# Do girls generally have a better relationship with their mum or dad?



## Laura--x

Just looking on personal situations really.Those with daughters or girls they know, do they have a better relationship with their mum or dad?

:thumbup:


----------



## Tassiegal

This is definitely a hard one to answer. I cant speak from personal experience for myself because i lost my mum at a very early age and grew up with my grandparents with my dad calling in all the time to see how i was. I loved him though heaps of course...

I think my daughters are closer to me than their dad - only because they are getting older and i think the closer to puberty they get the more they tend to need advice and support coming from a female rather than their dad. But that just could be my kids though.
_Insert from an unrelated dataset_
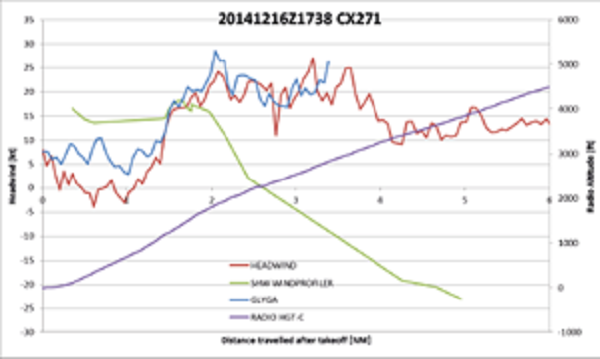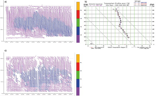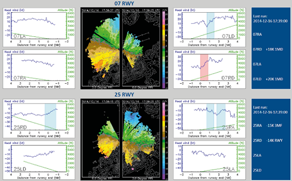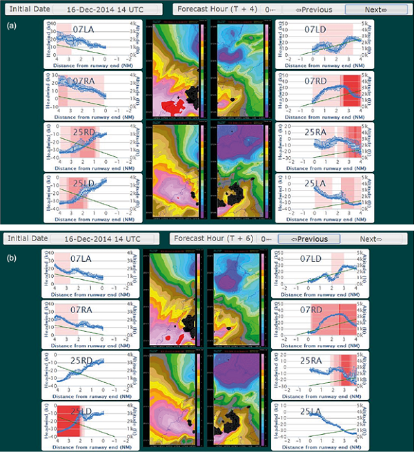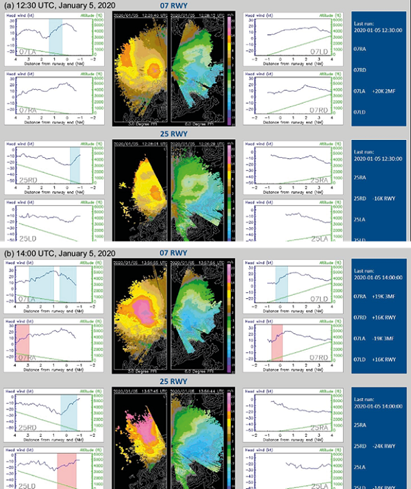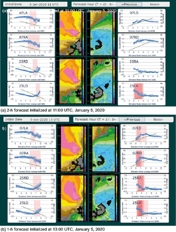 An outbreak of intense northeast monsoon occurred on December 16, 2014. From the surface synoptic charts (Fig. 8, b), densely packed surface isobars appear over southern China. The northerly winds remain strong in the next morning. This is a typical situation for the occurrence of cold weather in Hong Kong during winter.From the radiosonde ascent measurements at 12:00 UTC on December 16, 2014 (Fig. 9a) and the next morning (00:00 UTC on December 17, Fig. 9b), a low-level jet occured at about 1000 masl with a magnitude of 13 to 18 ms-1. Several weak temperature inversions (around 2°) appear at about 500 and 1000 masl at 12:00 UTC on December 16, 2014, which were ground-based on the next morning. There are several mountains upstream HKIA in the northeast to north direction, though much lower in height (about 300 m). Terrain disruption may play a role in the occurrence of turbulent airflow over HKIA, but the low-level jet could cause itself significant headwind changes to aircrafts.A typical headwind profile over that night is given in Figure 10. For 07RD, there is a single peak structure associated with the jet and significant windshear is expected as the aircraft departs from the airport. In fact, between 17:00 and 22:00 UTC on December 16, 2014, a total of six aircrafts reported encountering a windshear over 07RD, at a height between 1000 and 2000 feet and wind changes of +20 (gain) to -15 (loss) knots. Flight data are obtained from aircrafts as shown in Figure 11, where it can be seen that the headwind profile between LIDAR and the aircrafts is very consistent. On the other hand, while displaced from the runway direction a bit for the wind profiler at Siu Ho Wan, the headwind profile is not consistent with observations. As a result, windshear alerting requires headwind measurements right at the location of the flight path. A distance away from the flight path may not be sufficient to capture the headwind changes encountered by the aircraft.The high-resolution NWP model again does a good job in capturing the windshear associated with the low-level jet. Some typical forecasts of the model are given in Figure 12. It can be seen that simulated and actual LIDAR PPI images are very similar. Moreover, over 07RD, the simulated headwind profile captures the single peak structure, and the model is sufficient to produce realistic windshear alerts from the aircraft 4 to 6 h ahead.

I know my son is a mummy's boy too at the moment,so as i said it could just be my kids.:winkwink:


----------



## alaskagrown

My sister and I were both closer to my mom. My dad was the bread winner and worked 7 days a week from dawn till dusk, while my mom stayed home and baked cookies and made arts and crafts with my sister and I. My dad is kind of awkward when it comes to having a conversation with if it is not business or surface related. But that's just how he is. I love my parents both, but my mom is more personable!


----------



## RachA

My sister and i were definitely closer to our mum. 
My sister-in-law is closer to her dad.
At the moment my lo is closer to me but she's only 2 1/2 years so that doesn't count.
My sister's two girls are closer to their mum but at the moment that stems from the fact that their dad walked out on them last year. Prior to that they were pretty close to their dad but no so much that they would take all their issues to him.

I think it totally depends on the personalities of the parents and children.


----------



## Mighty Max

It can vary. I have a daughter who is almost 13, and her mom died when she was a baby, and it was just us. So we're REALLY close. She enjoys all the same things I do, she's almost like a son really! And that hasn't changed even though she's getting older, and I have a new girlfriend who has a 13 year old son. She prefers boy activities, and my girlfriends son will tag along with us on all of our activities. But just because Evan has a father figure and my daughter has a mother figure doesn't mean that we will basically switch parenting roles. Evan is definitely a mummy's boy, and Riley is definitely a daddy's girl! She is comfortable discussing anything with me, I gave her 'the talk' and I bought her first bra recently. She has never had anyone else other than me up until now, so our relationship is fantastic. But it really depends. In Riley and Evans case, they've only ever had 1 parent, so obviously... But generally i'd say mothers and daughters and fathers and sons would be closest


----------



## Amy_T

I've always been closer to my mum, although I love my dad to bits and used to go to football with him etc, the heart to heart chats etc were always with my mum. 

My 6 year old is closer to me than my husband at the minute and my 18 month old is 50-50!


----------



## hopeandpray

I was closer to my dad as a teenager. Even though he worked pretty much constantly. Personality wise we just clicked better. Think it depends on the individual.


----------